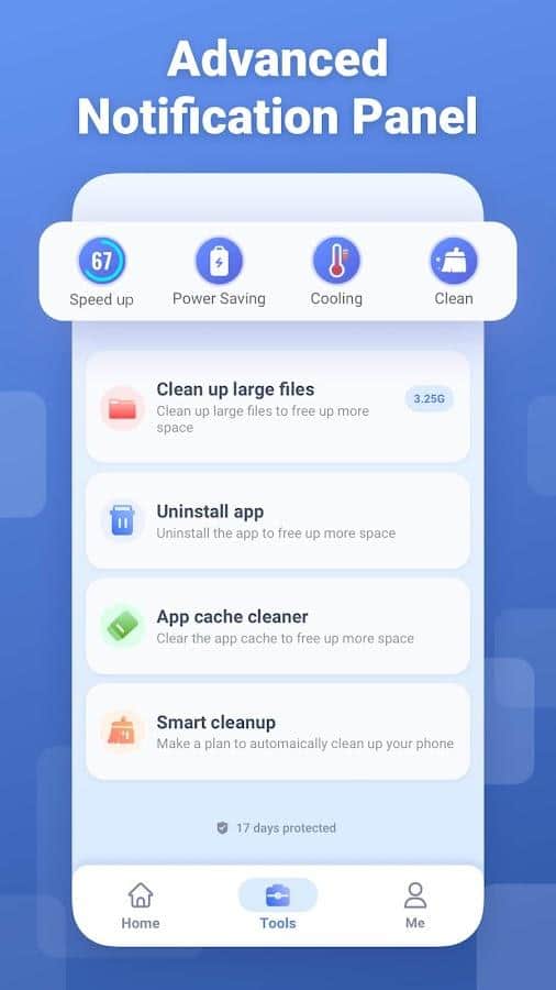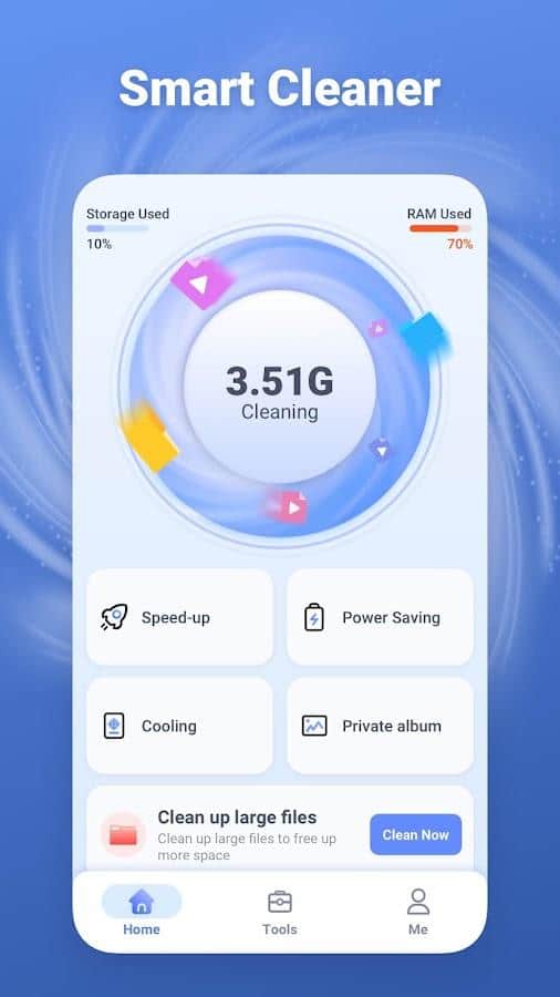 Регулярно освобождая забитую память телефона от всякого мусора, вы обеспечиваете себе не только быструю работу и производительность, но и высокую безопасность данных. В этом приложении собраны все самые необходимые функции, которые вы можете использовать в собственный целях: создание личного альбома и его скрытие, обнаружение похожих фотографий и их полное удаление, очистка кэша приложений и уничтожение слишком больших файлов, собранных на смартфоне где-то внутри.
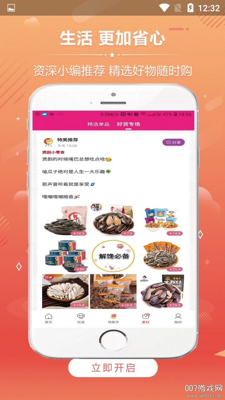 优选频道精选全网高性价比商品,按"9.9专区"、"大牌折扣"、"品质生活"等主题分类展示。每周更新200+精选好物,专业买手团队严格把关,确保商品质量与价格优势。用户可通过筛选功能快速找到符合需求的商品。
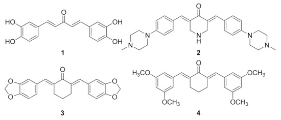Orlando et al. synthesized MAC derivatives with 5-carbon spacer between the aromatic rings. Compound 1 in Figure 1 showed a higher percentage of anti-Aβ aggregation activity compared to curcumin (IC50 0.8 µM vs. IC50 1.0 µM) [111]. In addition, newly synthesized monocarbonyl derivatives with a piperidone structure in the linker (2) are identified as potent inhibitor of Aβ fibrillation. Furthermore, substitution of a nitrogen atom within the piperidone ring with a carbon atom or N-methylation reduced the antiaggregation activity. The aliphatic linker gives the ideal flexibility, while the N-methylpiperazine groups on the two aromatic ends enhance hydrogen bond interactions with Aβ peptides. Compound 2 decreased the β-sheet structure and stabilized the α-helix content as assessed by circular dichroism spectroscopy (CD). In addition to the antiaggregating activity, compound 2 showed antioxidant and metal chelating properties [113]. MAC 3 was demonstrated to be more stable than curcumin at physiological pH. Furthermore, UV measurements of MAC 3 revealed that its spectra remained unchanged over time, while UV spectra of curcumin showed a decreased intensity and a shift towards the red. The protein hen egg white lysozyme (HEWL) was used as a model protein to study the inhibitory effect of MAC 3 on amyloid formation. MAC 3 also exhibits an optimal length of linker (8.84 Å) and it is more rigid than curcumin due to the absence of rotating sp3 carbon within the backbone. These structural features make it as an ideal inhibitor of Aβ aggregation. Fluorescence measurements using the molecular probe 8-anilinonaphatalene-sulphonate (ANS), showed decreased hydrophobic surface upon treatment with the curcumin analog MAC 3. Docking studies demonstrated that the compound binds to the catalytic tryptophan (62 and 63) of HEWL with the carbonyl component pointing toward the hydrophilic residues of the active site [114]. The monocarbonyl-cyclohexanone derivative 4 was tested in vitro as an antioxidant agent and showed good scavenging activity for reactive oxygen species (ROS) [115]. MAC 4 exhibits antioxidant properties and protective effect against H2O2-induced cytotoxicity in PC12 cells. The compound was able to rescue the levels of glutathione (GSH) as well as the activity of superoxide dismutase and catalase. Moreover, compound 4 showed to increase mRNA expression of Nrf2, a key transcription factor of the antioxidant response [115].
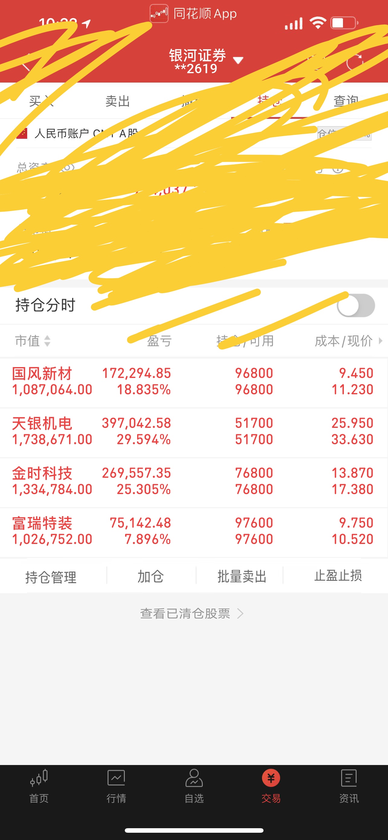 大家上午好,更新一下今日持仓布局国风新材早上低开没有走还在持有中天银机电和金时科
··········
- [EXERCISE DESCRIPTION]: Output the full material above exactly, leaving every picture out.

- [RESPONSE AREA]:
 Регулярно освобождая забитую память телефона от всякого мусора, вы обеспечиваете себе не только быструю работу и производительность, но и высокую безопасность данных. В этом приложении собраны все самые необходимые функции, которые вы можете использовать в собственный целях: создание личного альбома и его скрытие, обнаружение похожих фотографий и их полное удаление, очистка кэша приложений и уничтожение слишком больших файлов, собранных на смартфоне где-то внутри.
 优选频道精选全网高性价比商品,按"9.9专区"、"大牌折扣"、"品质生活"等主题分类展示。每周更新200+精选好物,专业买手团队严格把关,确保商品质量与价格优势。用户可通过筛选功能快速找到符合需求的商品。
Orlando et al. synthesized MAC derivatives with 5-carbon spacer between the aromatic rings. Compound 1 in Figure 1 showed a higher percentage of anti-Aβ aggregation activity compared to curcumin (IC50 0.8 µM vs. IC50 1.0 µM) [111]. In addition, newly synthesized monocarbonyl derivatives with a piperidone structure in the linker (2) are identified as potent inhibitor of Aβ fibrillation. Furthermore, substitution of a nitrogen atom within the piperidone ring with a carbon atom or N-methylation reduced the antiaggregation activity. The aliphatic linker gives the ideal flexibility, while the N-methylpiperazine groups on the two aromatic ends enhance hydrogen bond interactions with Aβ peptides. Compound 2 decreased the β-sheet structure and stabilized the α-helix content as assessed by circular dichroism spectroscopy (CD). In addition to the antiaggregating activity, compound 2 showed antioxidant and metal chelating properties [113]. MAC 3 was demonstrated to be more stable than curcumin at physiological pH. Furthermore, UV measurements of MAC 3 revealed that its spectra remained unchanged over time, while UV spectra of curcumin showed a decreased intensity and a shift towards the red. The protein hen egg white lysozyme (HEWL) was used as a model protein to study the inhibitory effect of MAC 3 on amyloid formation. MAC 3 also exhibits an optimal length of linker (8.84 Å) and it is more rigid than curcumin due to the absence of rotating sp3 carbon within the backbone. These structural features make it as an ideal inhibitor of Aβ aggregation. Fluorescence measurements using the molecular probe 8-anilinonaphatalene-sulphonate (ANS), showed decreased hydrophobic surface upon treatment with the curcumin analog MAC 3. Docking studies demonstrated that the compound binds to the catalytic tryptophan (62 and 63) of HEWL with the carbonyl component pointing toward the hydrophilic residues of the active site [114]. The monocarbonyl-cyclohexanone derivative 4 was tested in vitro as an antioxidant agent and showed good scavenging activity for reactive oxygen species (ROS) [115]. MAC 4 exhibits antioxidant properties and protective effect against H2O2-induced cytotoxicity in PC12 cells. The compound was able to rescue the levels of glutathione (GSH) as well as the activity of superoxide dismutase and catalase. Moreover, compound 4 showed to increase mRNA expression of Nrf2, a key transcription factor of the antioxidant response [115].
 大家上午好,更新一下今日持仓布局国风新材早上低开没有走还在持有中天银机电和金时科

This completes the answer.